* [INSTRUCTIONS TO FOLLOW]:
Omit the pictures while printing every entry below exactly as given.

++++++

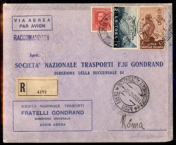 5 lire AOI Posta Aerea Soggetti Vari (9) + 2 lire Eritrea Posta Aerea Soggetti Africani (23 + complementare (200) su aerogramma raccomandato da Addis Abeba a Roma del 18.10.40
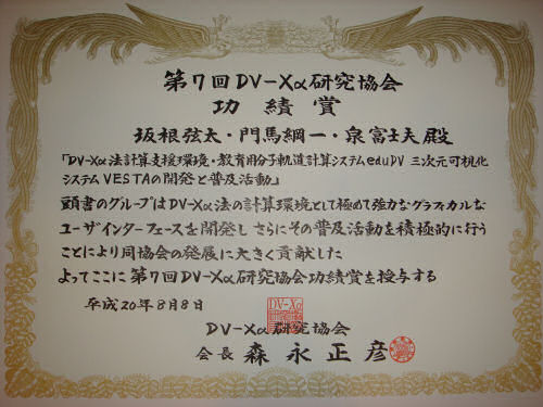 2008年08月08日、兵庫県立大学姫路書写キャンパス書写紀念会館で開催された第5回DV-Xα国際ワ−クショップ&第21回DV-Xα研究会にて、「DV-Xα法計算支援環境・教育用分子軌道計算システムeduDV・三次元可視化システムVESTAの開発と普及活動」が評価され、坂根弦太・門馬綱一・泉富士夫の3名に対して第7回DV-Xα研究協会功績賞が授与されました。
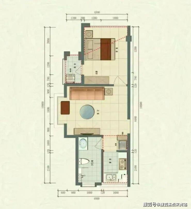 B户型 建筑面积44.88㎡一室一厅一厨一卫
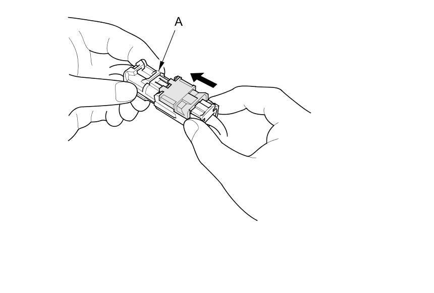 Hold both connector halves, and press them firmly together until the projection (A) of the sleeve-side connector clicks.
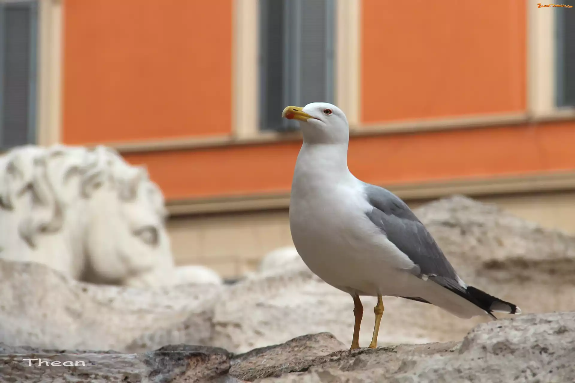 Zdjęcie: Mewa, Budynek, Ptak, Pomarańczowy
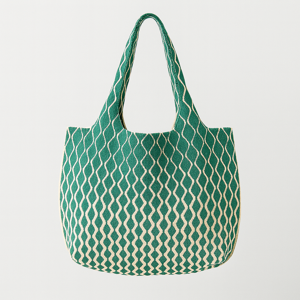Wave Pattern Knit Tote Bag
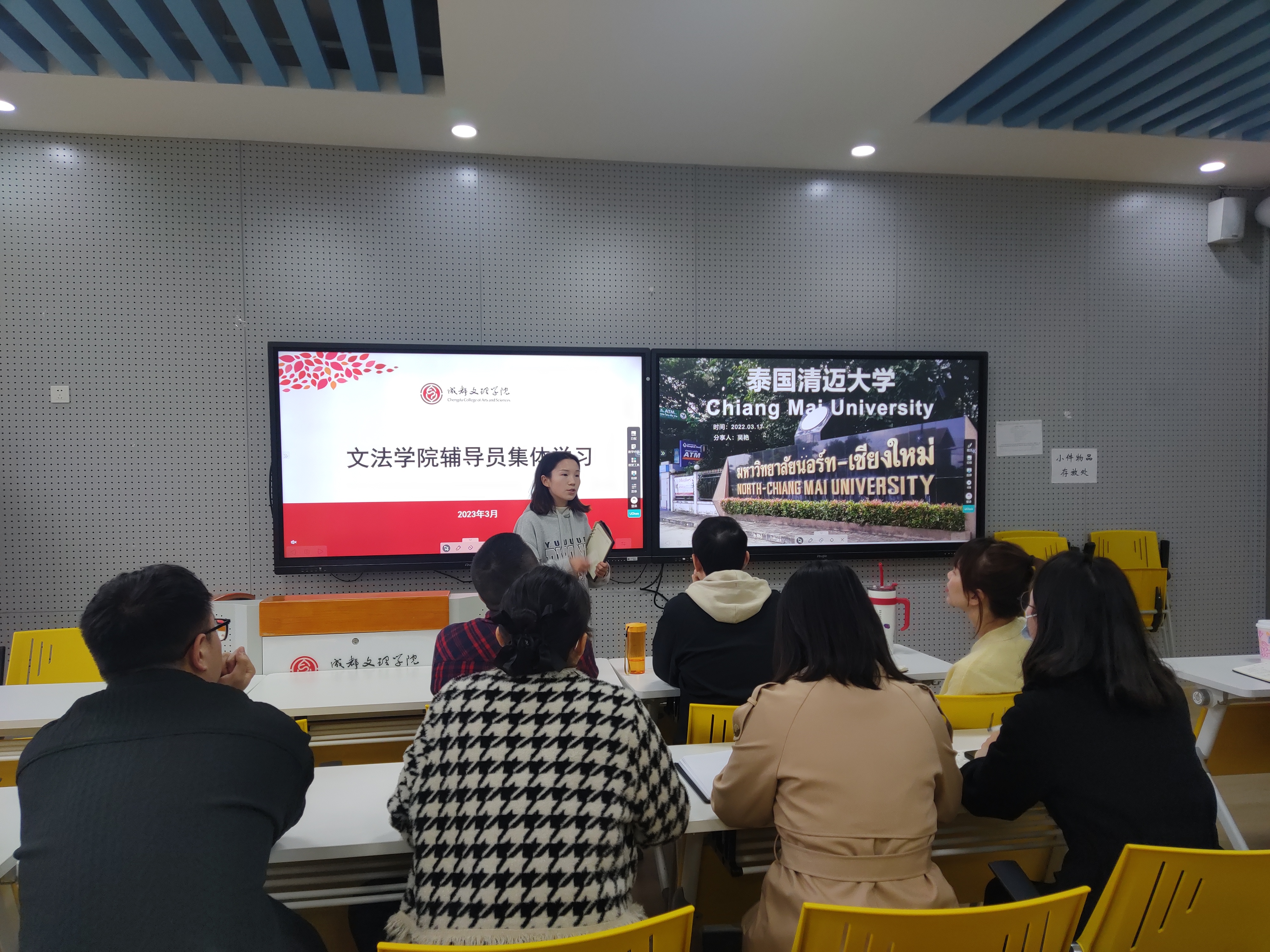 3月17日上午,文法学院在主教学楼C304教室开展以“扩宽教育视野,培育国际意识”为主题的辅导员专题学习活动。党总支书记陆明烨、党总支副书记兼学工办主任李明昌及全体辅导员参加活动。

++++++

* [PROBLEM SOLUTION]:
 5 lire AOI Posta Aerea Soggetti Vari (9) + 2 lire Eritrea Posta Aerea Soggetti Africani (23 + complementare (200) su aerogramma raccomandato da Addis Abeba a Roma del 18.10.40
 2008年08月08日、兵庫県立大学姫路書写キャンパス書写紀念会館で開催された第5回DV-Xα国際ワ−クショップ&第21回DV-Xα研究会にて、「DV-Xα法計算支援環境・教育用分子軌道計算システムeduDV・三次元可視化システムVESTAの開発と普及活動」が評価され、坂根弦太・門馬綱一・泉富士夫の3名に対して第7回DV-Xα研究協会功績賞が授与されました。
 B户型 建筑面积44.88㎡一室一厅一厨一卫
 Hold both connector halves, and press them firmly together until the projection (A) of the sleeve-side connector clicks.
 Zdjęcie: Mewa, Budynek, Ptak, Pomarańczowy
Wave Pattern Knit Tote Bag
 3月17日上午,文法学院在主教学楼C304教室开展以“扩宽教育视野,培育国际意识”为主题的辅导员专题学习活动。党总支书记陆明烨、党总支副书记兼学工办主任李明昌及全体辅导员参加活动。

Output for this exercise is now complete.